Hoy no es un día cualquiera. La radio ha dicho que hoy se acaba el mundo. Yo creo que es mentira porque el sol sigue brillando. No hay ninguna señal que sirva de evidencia para creer que lo que ha dicho la radio pueda ser verdad. Son solo ganas de atemorizarnos, dice mi padre.

Pero, por si fuese verdad, mi madre ha ido a rezar a la Virgen del Rosario (el cura ha dicho una misa en la ermita) y mis tíos han encentado el jamón y han preparado bocadillos para ellos y para nosotras; cosa rara porque mis tíos, y sobre todo mi abuelo, son de la virgen del puño, más agarraos que un paquete puntas.

El jamón de los marranos de mi abuelo es un jamón buenísimo. Dice mi madre, que eso es por la comida que les dan y porque mi padre tiene muy buena mano cuando mata y estaza al marrano. El secreto está en que el corte sea limpio y sangre bien el animal. Así no sufre y la carne es mejor. Sufrir, no sé si sufrirá, pero se muere bien muerto. A mí no me gusta ir a ver cómo mi padre mata a un marrano, pero me gusta comer el jamón.

Por si fuese verdad que se acaba el mundo, Mari Puri, Mari Tere, Mari Loli y yo hemos pasado la tarde juntas, merendando en nuestro rincón, debajo del anuncio de Nitrato de Chile, pensando en cómo será el fin del mundo.
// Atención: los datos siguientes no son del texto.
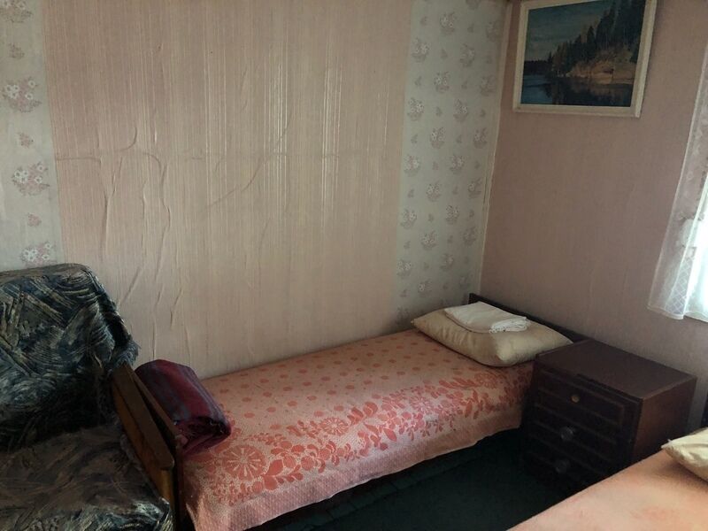 Отдельно стоящий домик площадью 12 кв.м.(3 домика). В домике: холодильник, чайник, четыре односпальные кровати, постельные принадлежности, стол, стулья, вешалка, обогреватель.

—¿Se caerá el sol sobre la tierra y moriremos abrasados?

—¿Nos desintegraremos sin darnos cuenta?

—Seguro que empieza a llover y vuelve el diluvio universal. Y, claro, como no sabemos nadar...

—Pues yo creo que habrá una gran explosión y saldremos volando. A lo mejor caemos en una estrella y allí podemos seguir viviendo.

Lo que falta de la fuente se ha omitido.